Ganzini L, Goy ER, Miller LL, et al. Nurses' experiences with hospice patients who refuse food and fluids to hasten death. N Engl J Med. 2003; 349:359-365.

In Oregon, where physician-assisted suicide is legal, a surprising number of older terminally ill patients choose discontinuing food and fluids as a means to avoid prolonging life.

According to researchers who published the results of a survey of Oregon hospice nurses in the New England Journal of Medicine, 102 of 429 respondents said at least one of their patients had hastened death in this way during the previous four years (1997 to 2001).

Meanwhile, 55 of these nurses' terminally ill patients used legally prescribed narcotics to hasten death. When Ganzini and colleagues compared nurse-reported data for these two groups of patients, they found that those who stopped eating and drinking were older than members of the physician-assisted suicide group, were more likely to have a neurologic disease than cancer, and were less likely to have undergone a mental health evaluation.

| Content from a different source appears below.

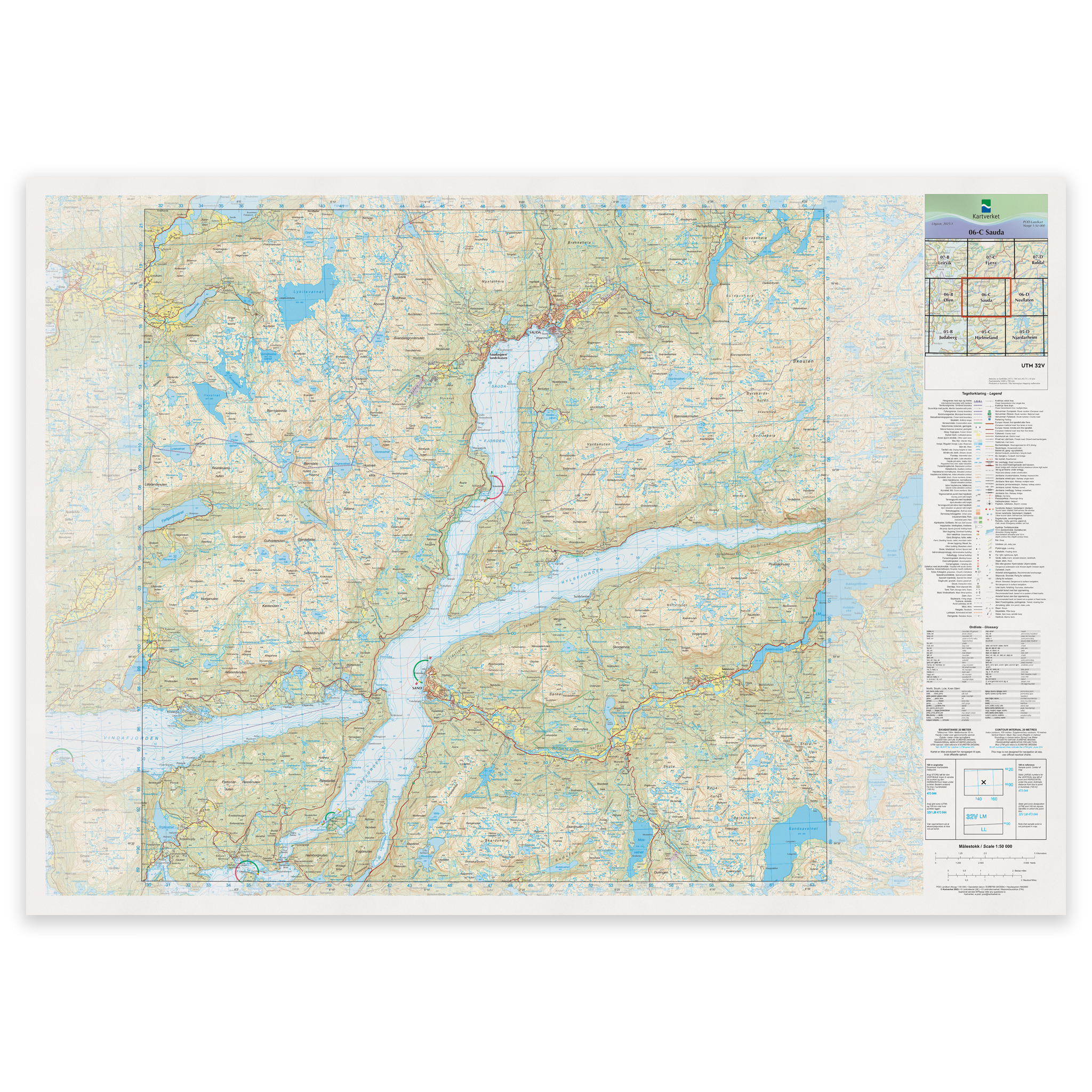 Kartverkets klassiske landkartserie (N50)- i ny oppdatert utgave, utgitt i mai 2025. Viser bebyggelse, høydekurver, skog, dyrka mark, kystkontur, elver, bekker, vann, myr, breer, veier, stier, jernbaner, flyplasser, kommunegrenser, verneområder, samt detaljert dybde- og navigasjonsinformasjon hentet fra sjøkartene. Kartet har har målestokk 1:50.000 og leveres på rull i størrelse 103 x 73 cm. Kan også leveres på plate eller ferdig innrammet. Størrelse med passepartout og ramme er 124 x 93 cm.

Patients' most important reasons for stopping food and fluids included readiness to die, poor quality of life, and the wish to die at home. Patients requesting physician-assisted suicide were more likely to mention wanting control over the time and manner of their death.

Eighty-five percent of the patients who stopped eating and drinking died within 15 days of their decision. When the surveyed nurses were asked to rate their patients' quality of death (from 0 representing a very bad death to 9 for a very good death), the median score was 8.

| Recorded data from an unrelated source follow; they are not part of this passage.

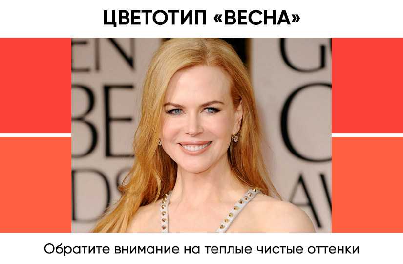Вы «весна», если: вам идет серый, молочный, персиковый цвета, золотые украшения, а не серебряные. У вас золотистые или пшеничного оттенка волосы, зеленоватые вены, нежно-персиковая кожа, возможно, веснушки, серые или зеленые глаза. Вам подойдут яркие цвета — такие, будто бы их касались лучи солнца.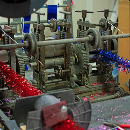 Celebrate the 4th of July with rustic American pride. This handcrafted Tinsel Garland American Flag is designed to bring festive spirit to your walls, porches, or celebrations. Featuring bold red, white, and blue garlands attached to a steel frame, the flag folds easily for storage and can be displayed year after year. A perfect statement piece for Independence Day or patriotic décor.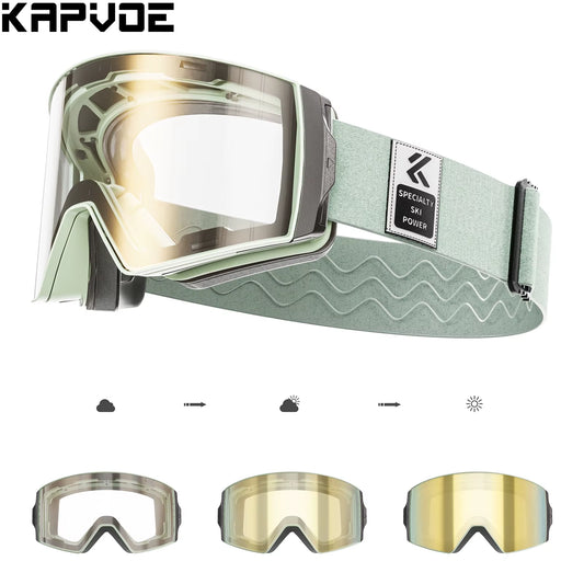 KAPVOE Photochromic Anti-Fog Skiing Goggles Outdoor Skiing Sports Glasses Winter Skating Snowboar...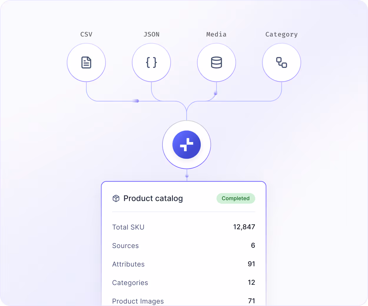 Turn minimal inputs into complete product content. The Context Graph applies your rules and sources to enrich every field.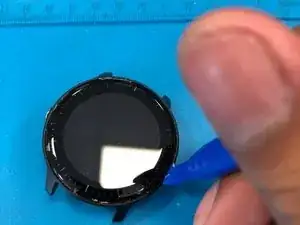 Просуньте лопатку через внешний край экрана. Мы увидим белый клей. Это не должно требовать слишком много силы. Проведение вашего инструмента по краю для удаления клея должно помочь.

Although 8% of patients' deaths were rated 0 to 4 in quality, most patients were described as "suffering less and being more at peace" than patients who opted for physician-assisted suicide.

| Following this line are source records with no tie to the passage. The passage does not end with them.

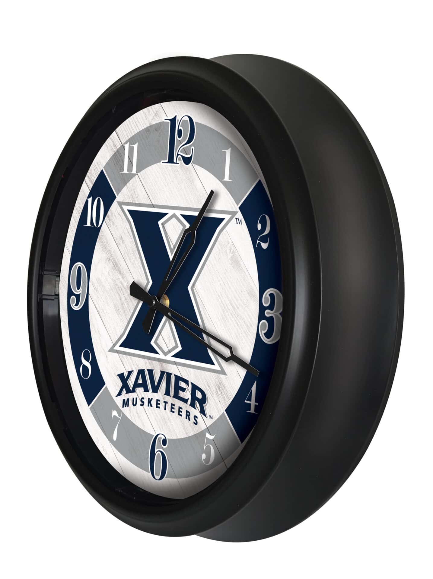 The Xavier 14-Inch Indoor/Outdoor LED Wall Clock in Black is the ideal timepiece to enhance your space, whether indoors or outdoors. With its robust construction and vibrant artwork, this clock not only tells time but also showcases your style and pride. It features a weather-resistant design with a UV-resistant black ABS plastic casing and a sealed glass face lens, ensuring durability against the elements. The clock is equipped with photo eye controlled LED lights that illuminate the clock face automatically in low light conditions, providing visibility day or night.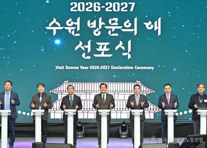 전국신문언론노동조합 김성길 기자 | 이재준 수원특례시장이 24일 수원컨벤션센터에서 열린 ‘2026-2027 수원 방문의 해’ 선포식에서 “수원의 문을 세계로 활짝 열겠다”고 말했다.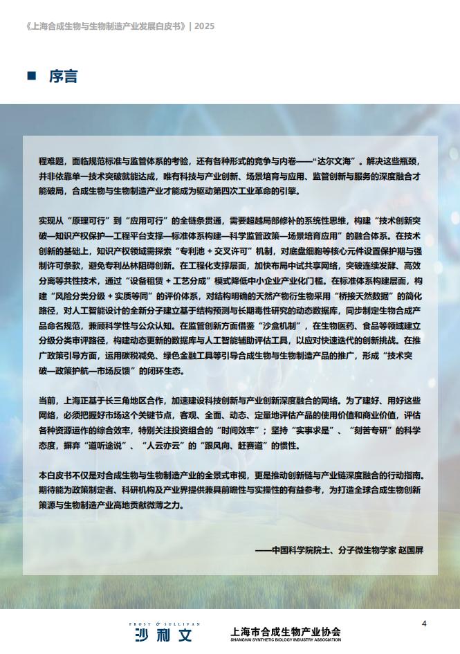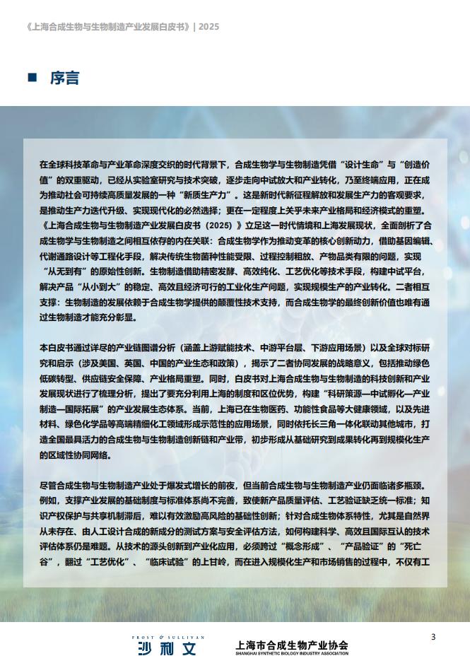 合成生物学被誉为是继“DNA双螺旋结构”和“基因组技术”之后的第三次生命科学革命,被认为是生前期,本白皮书编写委员会依托上海市合成生物产业协会的平台优势与弗若斯特沙利文的研究经验,通过《上海合成生物与生物制造产业发展白皮书(2025)》将是一份专业、权威且具备宏观战略视野的研究报命科学研究的一种新范式,更是生物制造与生物经济领域变革性发展的核心驱动力。发展合成生物学和生“政-产-学-研-金-用”的紧密合作与深入调研,洞察各主体发展现状及需求,挖掘并总结上海市的资源禀告,旨在为政府机构、投资机构、产业界以及社会各界,提供启示与参考,助力上海至2030年,建设成为物制造产业,高度契合我国可持续发展的重大战略需求,当前我国正加大力度从技术研发到产业布局实现赋及核心竞争优势,并通过海内外创新平台与团队、园区以及企业的对标分析,积极探索上海市未来可行合成生物全球创新策源高地、国际成果转化枢纽和国际高端智造中心,以及具有全球影响力的高端生物制全链条推进。全国多地相继出台相关政策,通过资金扶持、产业集聚和技术创新等举措,推动合成生物与的发展模式与路径,促进全产业的深度融合与良性发展,进而提出产业发展策略建议。造产业集群。生物制造产业从战略规划不断纵深向多领域发展。在全球科技革命与产业革命深度交织的时代背景下,合成生物学与生物制造凭借“设计生命”与“创造价值”的双重驱动,已经从实验室研究与技术突破,逐步走向中试放大和产业转化,乃至终端应用,正在成为推动社会可持续高质量发展的一种“新质生产力”。这是新时代新征程解放和发展生产力的客观要求,是推动生产力迭代升级、实现现代化的必然选择;更在一定程度上关乎未来产业格局和经济模式的重塑。《上海合成生物与生物制造产业发展白皮书(2025)》立足这一时代情境和上海发展现状,全面剖析了合成生物学与生物制造之间相互依存的内在关联:合成生物学作为推动变革的核心创新动力,借助基因编辑、代谢通路设计等工程化手段,解决传统生物菌种性能受限、过程控制粗放、产物品类有限的问题,实现“从无到有”的原始性创新。生物制造借助精密发酵、高效纯化、工艺优化等技术手段,构建中试平台,解决产品“从小到大”的稳定、高效且经济可行的工业化生产问题,实现规模生产的产业转化。二者相互支撑:生物制造的发展依赖于合成生物学提供的颠覆性技术支持,而合成生物学的最终创新价值也唯有通过生物制造才能充分彰显。

The investigators surveyed nurses caring for Oregon residents who are enrolled in Medicare-certified home hospice programs. Responses were coded for anonymity.

Each nurse was asked (if applicable) to report on the patient who most recently "voluntarily and deliberately [stopped] all food and fluids with the primary intention of hastening death."

Nearly identical questions were asked about patients who died after receiving a prescribed lethal medication.

Clinician Reviews 13(9):39-40, 2003.